Every commercial wind development goes through a permitting process.

Projects with 30 or more turbines must be approved by the state’s Industrial Siting Council.

Projects on federal land have additional permitting requirements.

Karl Kosciuch, an ecologist with the environmental consulting and engineering firm Tetra Tech, works with developers on permitting issues. He said developers generally conduct pre-construction studies to assess a development’s wildlife risk as well as post-construction assessments to determine how accurate the risk assessment was.

“There is a pretty large survey effort that goes on to quantify the potential risk to wildlife,” he said. “A lot of effort goes into this.”

Scientists are learning from these efforts. They know that golden eagles are often killed by turbine blades – which are 420 feet long and moving 180 miles an hour at their tips – because they hunt while flying, and their attention is directed at the ground.

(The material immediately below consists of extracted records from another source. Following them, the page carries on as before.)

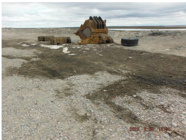
Figure 3. Spill 2020195 after clean-up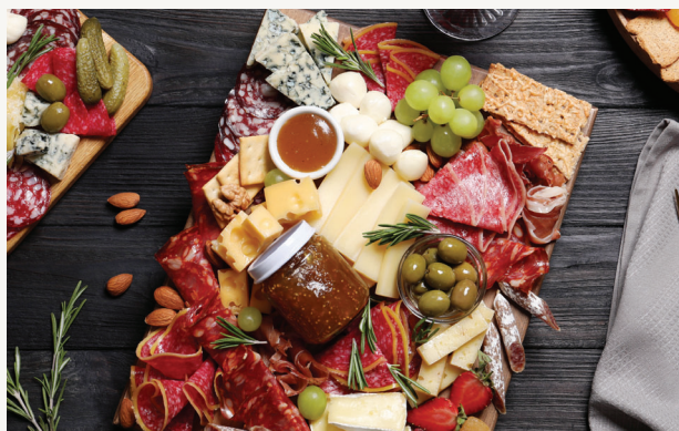
THE PICNIC $90 Feeds 6-8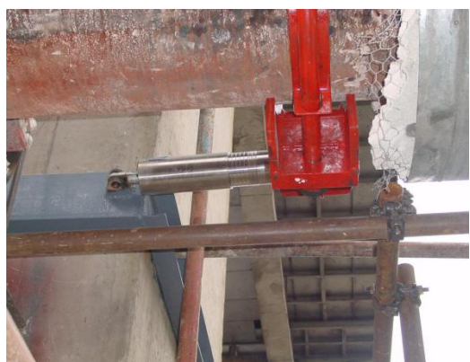
Fig. 4. Installation drawing of pipe damper of No. 7 support and hanger.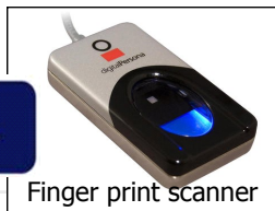
Finger print scanner

Oliver is the name of the Reading Room's web based database, or catalogue.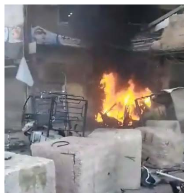
Right: The scene of the attack. Left: The wreckage of the vehicle

► On July 28, 2023, ISIS issued an announcement claiming responsibility for the two attacks in Al-Sayyida Zaynab, in which, according to ISIS, a motorcycle bomb was detonated near a bus carrying Shiite pilgrims and near a taxi. At the end of its statement, ISIS threatened, “Let the objectionists [i.e., Shiites] know that our war against them continues everywhere” (Telegram, Amaq, July 28, 2023).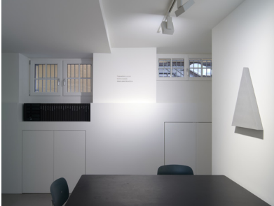
Installation view, Katie Paterson, IDEAS - (The tectonic plates of future earth drawn over its surface), 2021, Alan Charlton, Triangle Painting, 2015, Courtesy the artists and Galerie Tschudi, Photo: Max Ehrenguber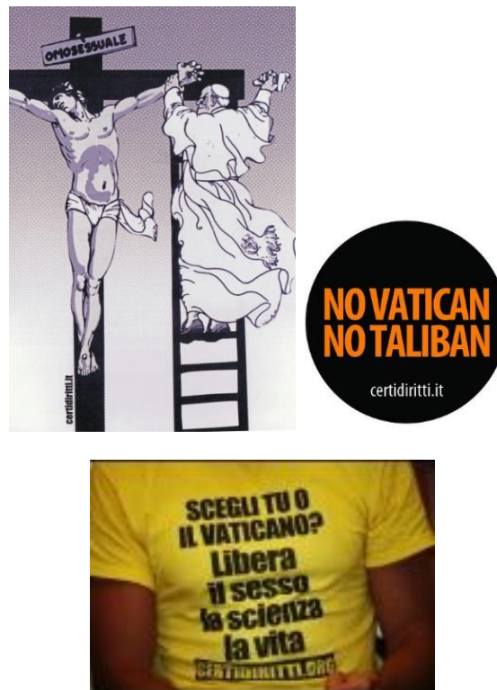
Figure 5. Paraphernalia from Certi Diritti meetings. (Personal Collection).

Other birds have trouble because they fly at night, when they can’t easily spot a turbine blade.

“They really are tough things to avoid, for birds,” Osborn said.

Bat mortality might be even greater than that of birds, Molvar said, and too many developments in one area could stress a population to the breaking point.

“With enough projects, you could have a real concern that you could eliminate that bat population,” he said.

One development of particular concern is the Chokecherry and Sierra Madre Wind Energy Project, which could begin construction next year.

Proposed by Power Company of Wyoming, the 1,000-turbine project would cover 100,000 acres of private and BLM land south of Rawlins.

Molvar said there are dozens of known sage grouse leks in the area.

Osborn said a conservative estimate predicts the development would kill 6,000 bats and 5,400 birds a year, including 120 raptors and 36 golden eagles.

“This project is sited so badly that it is environmentally unsustainable,” Molvar said.

Molvar said the Happy Jack Wind Farm west of Cheyenne was done well.

The farm is located in an area with few potential wildlife conflicts, which allowed to be built quickly with little permitting trouble, he said.